Parameters in the Program

All you need to change is the LIGHT_THRES and the HEAVY_THRES, according to your microphone configuration.

The codes are short and self-explanatory, if you need help understanding them, please refer to the "About the Algorithm" part.

(To be completed)

About the Algorithm

The algorithm in the program is simple, and there are still much more to be optimized. All pull requests are welcomed!

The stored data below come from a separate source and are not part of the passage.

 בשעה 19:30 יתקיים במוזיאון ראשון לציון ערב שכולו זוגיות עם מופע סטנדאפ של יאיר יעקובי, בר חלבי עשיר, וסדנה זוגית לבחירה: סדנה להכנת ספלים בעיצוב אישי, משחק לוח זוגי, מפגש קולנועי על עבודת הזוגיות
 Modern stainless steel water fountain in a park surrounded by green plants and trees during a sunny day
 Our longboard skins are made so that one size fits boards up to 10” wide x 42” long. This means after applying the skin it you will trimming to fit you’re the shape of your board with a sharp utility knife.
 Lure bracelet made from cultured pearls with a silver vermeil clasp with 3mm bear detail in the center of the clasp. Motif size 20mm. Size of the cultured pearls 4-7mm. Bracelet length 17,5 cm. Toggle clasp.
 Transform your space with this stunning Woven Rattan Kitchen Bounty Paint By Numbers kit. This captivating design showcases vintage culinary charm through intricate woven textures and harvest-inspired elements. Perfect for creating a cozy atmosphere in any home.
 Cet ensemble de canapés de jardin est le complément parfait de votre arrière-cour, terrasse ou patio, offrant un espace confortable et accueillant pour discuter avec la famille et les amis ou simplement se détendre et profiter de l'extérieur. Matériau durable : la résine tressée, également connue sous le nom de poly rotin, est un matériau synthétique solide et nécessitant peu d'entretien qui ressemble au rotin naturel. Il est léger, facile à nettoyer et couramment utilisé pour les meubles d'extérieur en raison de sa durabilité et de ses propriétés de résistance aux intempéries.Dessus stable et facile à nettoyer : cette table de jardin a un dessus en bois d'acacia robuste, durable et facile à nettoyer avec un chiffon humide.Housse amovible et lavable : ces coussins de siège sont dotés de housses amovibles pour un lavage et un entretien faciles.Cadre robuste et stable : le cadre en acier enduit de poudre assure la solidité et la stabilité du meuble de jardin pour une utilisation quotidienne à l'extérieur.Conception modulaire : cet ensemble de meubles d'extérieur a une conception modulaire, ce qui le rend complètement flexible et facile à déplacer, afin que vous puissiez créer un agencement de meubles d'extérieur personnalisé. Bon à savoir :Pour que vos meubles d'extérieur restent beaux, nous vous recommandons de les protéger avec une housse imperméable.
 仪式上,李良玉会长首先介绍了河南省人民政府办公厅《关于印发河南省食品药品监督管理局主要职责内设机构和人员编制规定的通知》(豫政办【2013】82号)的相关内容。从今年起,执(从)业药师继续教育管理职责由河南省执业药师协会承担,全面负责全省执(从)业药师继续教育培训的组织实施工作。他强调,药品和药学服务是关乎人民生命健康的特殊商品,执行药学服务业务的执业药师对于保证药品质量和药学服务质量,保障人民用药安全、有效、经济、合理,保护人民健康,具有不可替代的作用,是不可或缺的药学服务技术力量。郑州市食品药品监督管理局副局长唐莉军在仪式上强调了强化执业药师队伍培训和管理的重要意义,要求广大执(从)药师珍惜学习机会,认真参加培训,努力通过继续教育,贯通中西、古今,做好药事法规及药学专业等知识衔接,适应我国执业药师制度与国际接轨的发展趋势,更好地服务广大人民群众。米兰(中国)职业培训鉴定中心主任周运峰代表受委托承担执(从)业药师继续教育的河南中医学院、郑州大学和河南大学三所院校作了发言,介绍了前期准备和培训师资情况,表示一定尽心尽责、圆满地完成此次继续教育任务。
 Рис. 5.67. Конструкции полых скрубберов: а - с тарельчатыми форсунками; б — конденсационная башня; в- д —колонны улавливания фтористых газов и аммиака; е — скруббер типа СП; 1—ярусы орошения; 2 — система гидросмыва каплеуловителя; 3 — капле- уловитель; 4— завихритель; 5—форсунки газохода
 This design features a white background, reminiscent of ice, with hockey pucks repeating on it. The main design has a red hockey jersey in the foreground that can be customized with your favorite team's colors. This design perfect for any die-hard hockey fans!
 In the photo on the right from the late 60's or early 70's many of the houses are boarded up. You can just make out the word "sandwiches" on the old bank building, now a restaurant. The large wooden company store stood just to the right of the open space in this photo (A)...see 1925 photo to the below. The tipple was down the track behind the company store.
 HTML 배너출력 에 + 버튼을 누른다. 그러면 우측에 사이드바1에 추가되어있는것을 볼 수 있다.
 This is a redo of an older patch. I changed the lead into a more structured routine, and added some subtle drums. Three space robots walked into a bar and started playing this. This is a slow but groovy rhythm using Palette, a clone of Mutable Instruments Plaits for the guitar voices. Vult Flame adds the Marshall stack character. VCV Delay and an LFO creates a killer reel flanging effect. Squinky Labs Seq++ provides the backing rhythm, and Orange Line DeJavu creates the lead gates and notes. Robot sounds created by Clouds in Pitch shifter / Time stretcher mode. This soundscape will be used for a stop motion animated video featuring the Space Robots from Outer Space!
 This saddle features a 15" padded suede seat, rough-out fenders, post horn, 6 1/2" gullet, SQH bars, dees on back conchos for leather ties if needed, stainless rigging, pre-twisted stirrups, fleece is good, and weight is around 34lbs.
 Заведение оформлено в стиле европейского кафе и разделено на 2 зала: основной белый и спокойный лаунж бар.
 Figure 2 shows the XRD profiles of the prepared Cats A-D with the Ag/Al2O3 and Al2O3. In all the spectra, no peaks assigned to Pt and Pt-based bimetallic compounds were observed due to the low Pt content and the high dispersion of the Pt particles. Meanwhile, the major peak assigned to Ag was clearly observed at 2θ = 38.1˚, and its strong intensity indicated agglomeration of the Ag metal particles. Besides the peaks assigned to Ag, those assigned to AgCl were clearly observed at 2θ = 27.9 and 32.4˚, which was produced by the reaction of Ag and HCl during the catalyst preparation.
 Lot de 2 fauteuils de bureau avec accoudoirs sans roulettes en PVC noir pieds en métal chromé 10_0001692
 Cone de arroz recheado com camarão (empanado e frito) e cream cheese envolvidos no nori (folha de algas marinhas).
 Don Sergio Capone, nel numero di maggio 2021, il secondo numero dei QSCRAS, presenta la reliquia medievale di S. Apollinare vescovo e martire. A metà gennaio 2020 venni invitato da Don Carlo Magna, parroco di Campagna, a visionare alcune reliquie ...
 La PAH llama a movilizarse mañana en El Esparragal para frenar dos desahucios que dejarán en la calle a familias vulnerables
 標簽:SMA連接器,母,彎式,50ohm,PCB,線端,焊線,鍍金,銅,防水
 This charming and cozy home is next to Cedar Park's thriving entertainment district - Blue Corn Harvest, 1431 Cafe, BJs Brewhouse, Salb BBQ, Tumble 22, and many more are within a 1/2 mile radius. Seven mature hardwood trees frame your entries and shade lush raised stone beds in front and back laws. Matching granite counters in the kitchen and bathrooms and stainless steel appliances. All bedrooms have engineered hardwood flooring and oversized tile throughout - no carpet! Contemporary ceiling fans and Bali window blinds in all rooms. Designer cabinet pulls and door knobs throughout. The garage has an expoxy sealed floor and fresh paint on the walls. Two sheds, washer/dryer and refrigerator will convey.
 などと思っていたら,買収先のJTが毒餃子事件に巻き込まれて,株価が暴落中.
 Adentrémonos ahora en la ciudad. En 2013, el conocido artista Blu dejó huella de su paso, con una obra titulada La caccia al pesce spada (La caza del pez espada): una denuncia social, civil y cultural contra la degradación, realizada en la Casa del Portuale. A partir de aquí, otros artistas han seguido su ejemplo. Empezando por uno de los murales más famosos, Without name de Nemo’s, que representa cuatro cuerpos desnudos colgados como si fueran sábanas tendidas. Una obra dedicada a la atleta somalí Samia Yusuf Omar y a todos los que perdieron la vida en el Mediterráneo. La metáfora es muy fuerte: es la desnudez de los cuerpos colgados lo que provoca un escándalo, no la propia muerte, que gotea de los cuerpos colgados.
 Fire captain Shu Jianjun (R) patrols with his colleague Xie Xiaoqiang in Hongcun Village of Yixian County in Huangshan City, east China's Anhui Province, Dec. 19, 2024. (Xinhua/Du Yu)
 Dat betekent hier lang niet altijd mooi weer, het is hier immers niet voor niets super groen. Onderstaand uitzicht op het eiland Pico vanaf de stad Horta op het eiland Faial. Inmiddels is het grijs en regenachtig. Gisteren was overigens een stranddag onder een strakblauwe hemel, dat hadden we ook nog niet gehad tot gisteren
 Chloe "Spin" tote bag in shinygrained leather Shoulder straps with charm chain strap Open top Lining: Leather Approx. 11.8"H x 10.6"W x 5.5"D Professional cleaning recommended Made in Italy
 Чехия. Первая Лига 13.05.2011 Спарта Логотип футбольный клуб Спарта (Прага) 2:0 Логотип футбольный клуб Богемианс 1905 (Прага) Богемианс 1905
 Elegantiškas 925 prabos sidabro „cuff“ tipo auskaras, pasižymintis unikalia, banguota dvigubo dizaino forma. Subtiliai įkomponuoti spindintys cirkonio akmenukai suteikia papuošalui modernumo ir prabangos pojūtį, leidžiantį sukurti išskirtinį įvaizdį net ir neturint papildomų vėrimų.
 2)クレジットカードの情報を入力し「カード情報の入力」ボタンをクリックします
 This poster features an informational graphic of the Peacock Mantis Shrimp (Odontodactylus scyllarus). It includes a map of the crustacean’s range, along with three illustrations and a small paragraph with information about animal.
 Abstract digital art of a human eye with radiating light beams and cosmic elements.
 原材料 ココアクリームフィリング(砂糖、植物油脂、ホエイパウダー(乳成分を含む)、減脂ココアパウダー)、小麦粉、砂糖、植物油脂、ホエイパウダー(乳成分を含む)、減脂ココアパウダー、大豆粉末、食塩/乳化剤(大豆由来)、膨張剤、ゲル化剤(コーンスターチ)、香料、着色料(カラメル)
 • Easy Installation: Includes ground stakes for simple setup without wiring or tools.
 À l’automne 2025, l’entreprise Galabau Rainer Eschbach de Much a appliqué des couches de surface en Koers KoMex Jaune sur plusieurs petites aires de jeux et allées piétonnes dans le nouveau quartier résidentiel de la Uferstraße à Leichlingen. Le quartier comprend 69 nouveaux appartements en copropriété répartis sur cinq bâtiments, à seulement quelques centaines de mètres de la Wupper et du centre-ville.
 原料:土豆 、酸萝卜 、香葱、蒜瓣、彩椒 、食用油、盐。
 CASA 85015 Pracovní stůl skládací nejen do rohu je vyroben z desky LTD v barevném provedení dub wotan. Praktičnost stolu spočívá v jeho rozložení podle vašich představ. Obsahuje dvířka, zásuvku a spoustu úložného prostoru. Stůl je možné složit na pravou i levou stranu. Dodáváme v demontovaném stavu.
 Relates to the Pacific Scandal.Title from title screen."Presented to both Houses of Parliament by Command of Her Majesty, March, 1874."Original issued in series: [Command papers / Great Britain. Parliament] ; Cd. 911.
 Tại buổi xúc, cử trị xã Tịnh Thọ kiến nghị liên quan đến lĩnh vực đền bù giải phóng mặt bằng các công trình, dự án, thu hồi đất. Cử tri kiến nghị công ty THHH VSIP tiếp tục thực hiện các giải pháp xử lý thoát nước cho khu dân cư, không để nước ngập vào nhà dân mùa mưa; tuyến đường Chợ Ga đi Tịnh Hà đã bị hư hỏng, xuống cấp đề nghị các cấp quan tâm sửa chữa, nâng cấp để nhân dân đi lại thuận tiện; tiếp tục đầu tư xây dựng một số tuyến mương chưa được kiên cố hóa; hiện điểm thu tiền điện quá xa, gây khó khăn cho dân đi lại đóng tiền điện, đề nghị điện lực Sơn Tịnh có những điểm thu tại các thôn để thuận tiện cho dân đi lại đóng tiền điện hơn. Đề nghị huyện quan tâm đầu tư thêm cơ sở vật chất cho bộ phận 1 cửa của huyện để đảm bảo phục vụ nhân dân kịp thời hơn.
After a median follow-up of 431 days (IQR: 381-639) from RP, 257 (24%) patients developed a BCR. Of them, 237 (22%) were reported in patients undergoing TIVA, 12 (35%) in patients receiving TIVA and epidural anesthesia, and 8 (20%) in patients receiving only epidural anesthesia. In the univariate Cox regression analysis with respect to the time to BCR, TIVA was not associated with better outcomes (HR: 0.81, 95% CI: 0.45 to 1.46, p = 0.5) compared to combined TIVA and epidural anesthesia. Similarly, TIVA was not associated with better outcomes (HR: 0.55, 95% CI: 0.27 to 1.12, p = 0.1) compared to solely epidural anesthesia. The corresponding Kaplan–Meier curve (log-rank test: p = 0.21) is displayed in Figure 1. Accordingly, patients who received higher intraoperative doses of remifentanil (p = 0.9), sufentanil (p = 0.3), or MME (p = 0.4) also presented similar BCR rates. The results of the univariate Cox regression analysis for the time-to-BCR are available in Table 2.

In short, the signal processing job can be divided into 4 steps after acquiring the samples from the analog inputs:

  1. Take the derivative
  2. Calculate the power of the wavaform
  3. Calculate the convolution of the power
  4. Find the peak of the power convolution, compare it with the thresholds to see if there is a hit

This picture shows the algorithm in a clearer way:

(Picture to be uploaded)

Step 1 is to elinimate the difference of quiescent operating point, which makes it easier to calculate the power of the waveform.

Step 2 is to enhance the signal to noise ratio (SNR), which can further eliminate the noise. LIGHT_THRES is also used here to cut the low-power part out.

Step 3 is to "polish" the power curve to make it more like a sequence of hit pulses, which makes it easier to find the power peak.